Written by Michael Draper WindowCleanerSafety.com

Here's the scenario, you have been awarded that bid on a large job. You are excited and have worked hard and went thru all the pre-bid meetings, mission accomplished! Until that is, you receive a call from the project manager stating that they need to see a copy of your safety manual. "Uh, sure we will get that right over!" Now the panic sets in. "What do they mean my safety manual?”

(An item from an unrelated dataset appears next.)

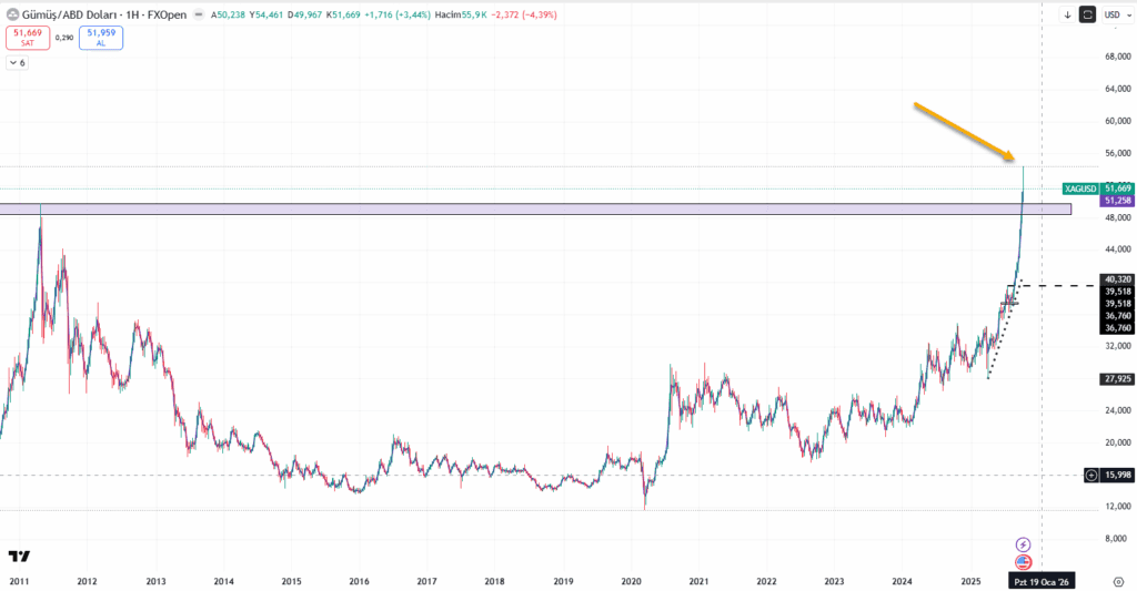 1.’si teknikçilerin trendlerde en sevdiği yer olan “uncharted territory” yani grafikte sol tarafı boş olan ve nerede biteceğini kimsenin bilemeyeceği bir olası trend bölgesinde olmamız. Bunun stop noktası tabii ki eski zirve seviyesi altında haftalık bir kapanış ancak gümüş o kadar volatil ki(Cuma günkü zirve/dip arası %7.12) bir haftalık harekete yürek dayanmaz 🙂

A safety manual is a statement of your safety in your business. It explains to a customer such things as drug and alcohol policy, accident investigation and so forth. It also explains in detail the hazards that your company comes in contact with and how you have prepared and trained the employees regarding those hazards.

Why does a company want to see it? They are reviewing what you have probably stated, that you are a safe company. They want to peer into the culture of your company and see if you measure up to what you have probably stated.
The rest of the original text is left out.